The set of sanctions will include a total suspension of a member state from the AU assembly and other gatherings. And astoundingly this was approved by the assembly which comprised of heads of states representing countries that were not making payments on time.
The “bite” will be the implementation of these sanctions. I totally concur with Moussa Faki Mahamat that “the first responsibility of a member state is to pay its contribution”. Member state contributions guarantee that the organisation can carry out its mammoth operations.
Ambitious declarations are less likely to create that “bite” if they are not backed up by action. Many scholars argue that much of what emerges out of Addis Ababa after every AU Extraordinary Summit is usually exaggeratedly ambitious, vague, and unattainable outcomes creating the impression of “all bark and no bite”.
Let’s be careful that Paul Kagame and Moussa Faki’s opportunism during their tenure does not cause us to lose sight of some of the fundamental institutional challenges that the continental organisation continues to face. However, 55 years on, since the formation of the OAU, we have a new breed of leaders emerging, confronting the continuing challenges of forging unity within their multi-ethnic countries, building sustainable democratic institutions, and building an enabling environment for socio-economic development. It is disingenuous to say that we are not witnessing at least some changes in areas such as to ensure that member states contribute more than the organisation’s development partners.

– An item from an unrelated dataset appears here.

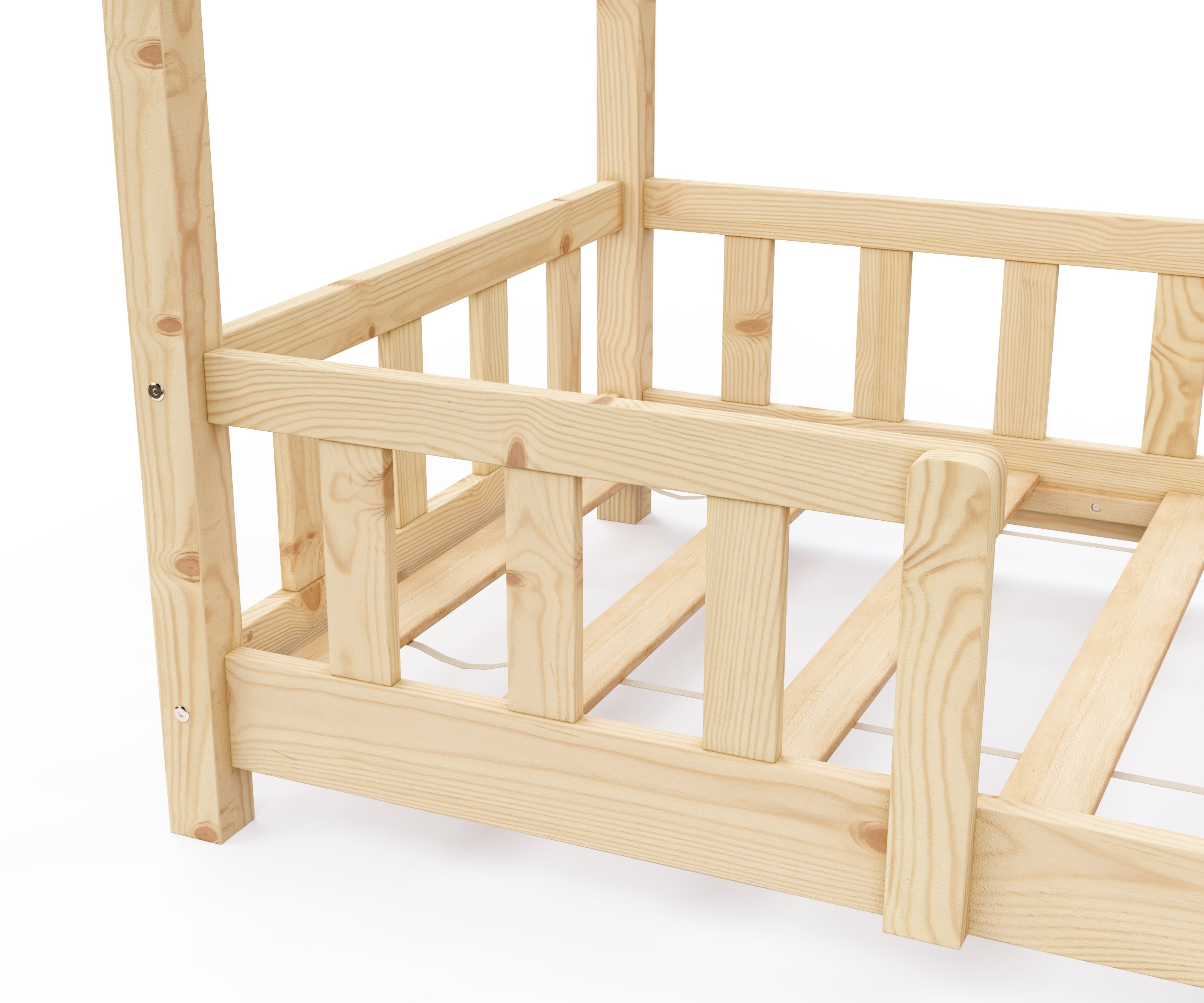 Möchtest du deinem Kind einen ruhigen und spannenden Rückzugsort bieten? Das naturfarbene Kinderbett MAISON ist die perfekte Wahl. Mit seinem tollen Hausdesign und der warmen Holzfarbe strahlt es Gemütlichkeit und Geborgenheit aus. Hergestellt aus robustem Kiefernholz und ausgestattet mit einem Lattenrost, garantiert es nicht nur einen erholsamen Schlaf, sondern auch Sicherheit, dank der niedrigen Bettkante mit Rausfallschutz. Dekoriere es mit Lampions, Lichterketten und Vorhängen und erschaffe eine Ritterburg oder ein Traumschloss für deinen Sprössling!

Some of leaders l mentioned above may seem to be having challenges in cultivating a culture of integrity and ethics as they are implicated in issues of corruption, and authoritarian tendencies, such as being unwilling to face criticism or open political debate.
Nonetheless the third wave “wind of change” is blowing across Addis Ababa and the “wind” has been overdue. The struggle continues. I have faith that the current leadership will either at least chart a new course or lay the foundation for a new course away from some of the African ways of doing things they inherited from the OAU.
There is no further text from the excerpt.